--- WHAT YOU NEED TO DO ---
In the records that follow, find the line with "Εντυπωσιακό βελούδινο bomber"; from there, retype every line exactly through the line with "JADUAL AKTIVITI SMART SERVICE DISEMBER 2025", which also belongs to the answer.

--- INPUT MATERIAL ---
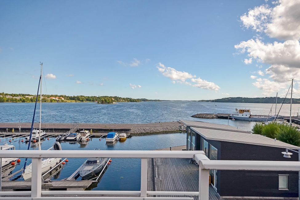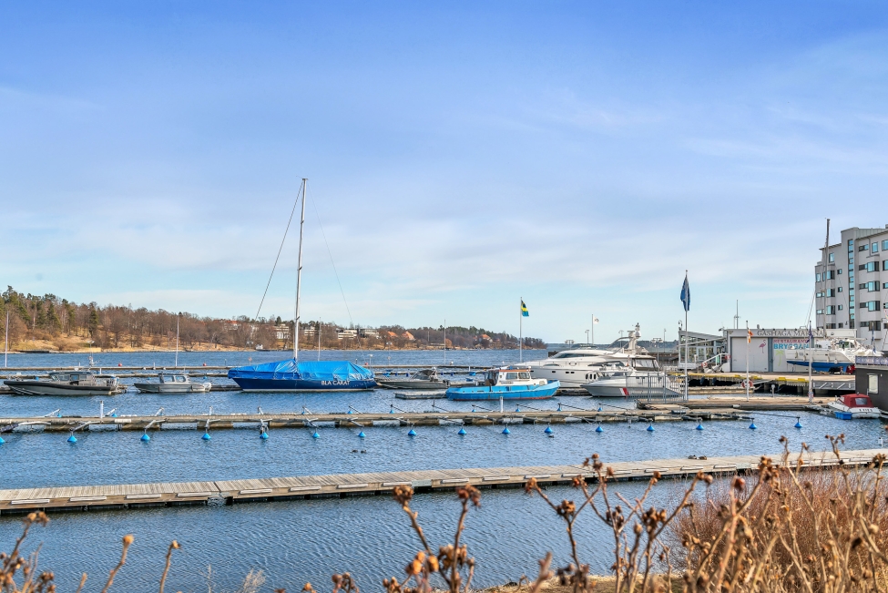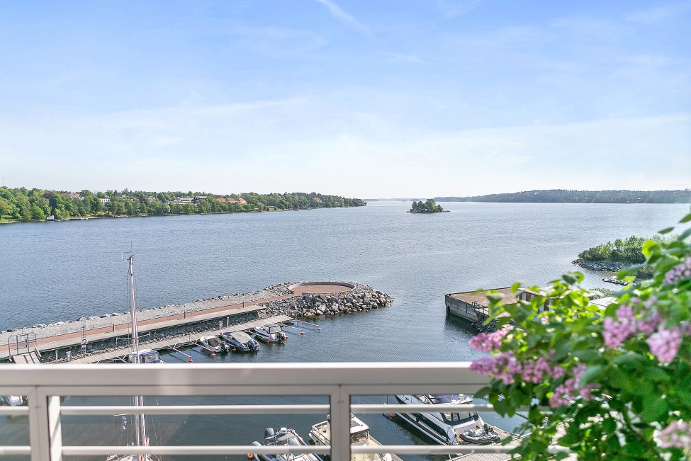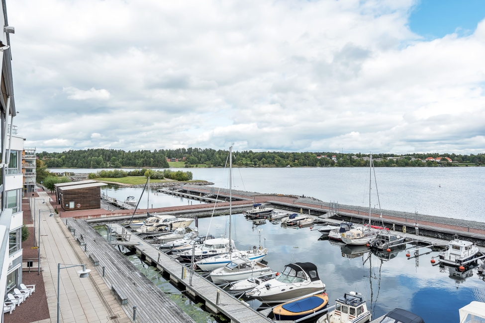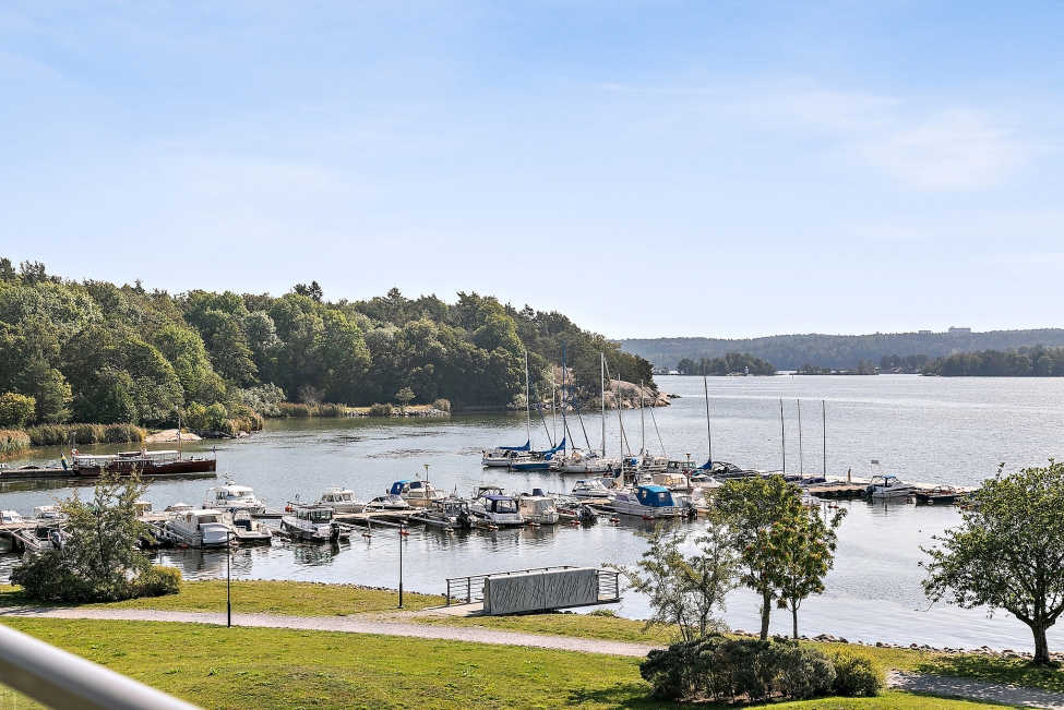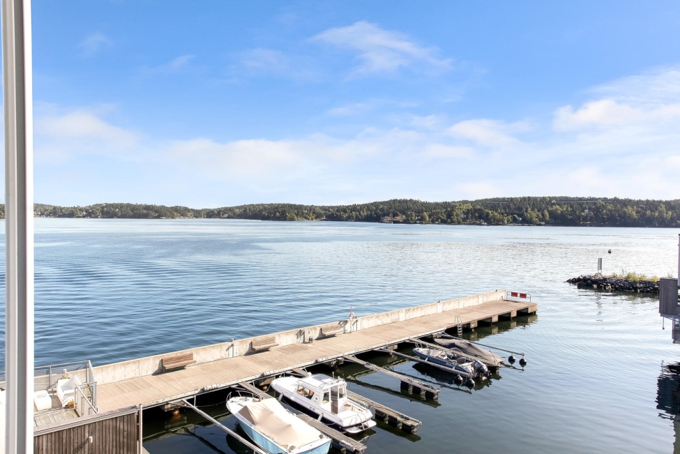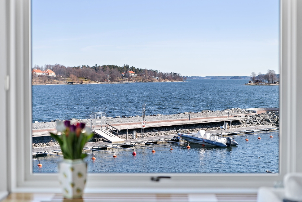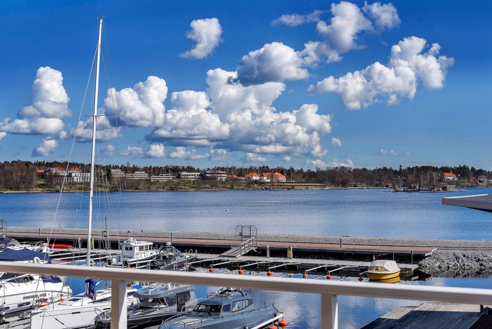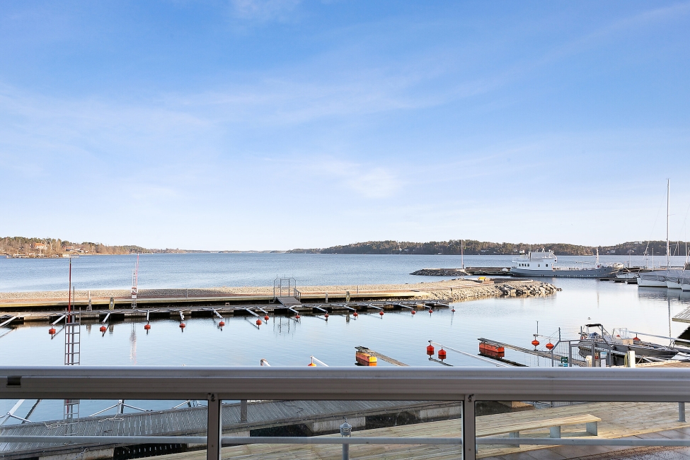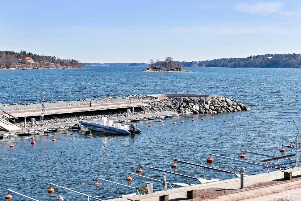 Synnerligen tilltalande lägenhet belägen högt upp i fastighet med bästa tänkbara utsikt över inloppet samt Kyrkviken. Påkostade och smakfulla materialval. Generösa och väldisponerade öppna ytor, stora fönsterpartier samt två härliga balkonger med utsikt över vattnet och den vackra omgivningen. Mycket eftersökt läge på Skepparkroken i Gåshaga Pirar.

...

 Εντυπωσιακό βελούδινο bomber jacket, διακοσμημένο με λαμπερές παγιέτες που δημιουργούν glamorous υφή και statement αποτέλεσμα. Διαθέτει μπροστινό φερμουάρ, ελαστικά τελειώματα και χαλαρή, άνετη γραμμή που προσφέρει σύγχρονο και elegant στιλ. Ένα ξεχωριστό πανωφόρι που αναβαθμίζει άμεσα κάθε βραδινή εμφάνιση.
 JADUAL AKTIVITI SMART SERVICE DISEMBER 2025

...

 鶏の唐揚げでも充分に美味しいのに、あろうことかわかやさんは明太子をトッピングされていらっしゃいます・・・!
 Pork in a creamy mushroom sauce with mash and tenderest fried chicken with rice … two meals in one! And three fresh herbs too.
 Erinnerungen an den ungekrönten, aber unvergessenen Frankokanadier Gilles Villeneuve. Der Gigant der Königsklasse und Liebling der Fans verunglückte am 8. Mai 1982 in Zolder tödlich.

--- SOLUTION TO THE EXERCISE ---
 Εντυπωσιακό βελούδινο bomber jacket, διακοσμημένο με λαμπερές παγιέτες που δημιουργούν glamorous υφή και statement αποτέλεσμα. Διαθέτει μπροστινό φερμουάρ, ελαστικά τελειώματα και χαλαρή, άνετη γραμμή που προσφέρει σύγχρονο και elegant στιλ. Ένα ξεχωριστό πανωφόρι που αναβαθμίζει άμεσα κάθε βραδινή εμφάνιση.
 JADUAL AKTIVITI SMART SERVICE DISEMBER 2025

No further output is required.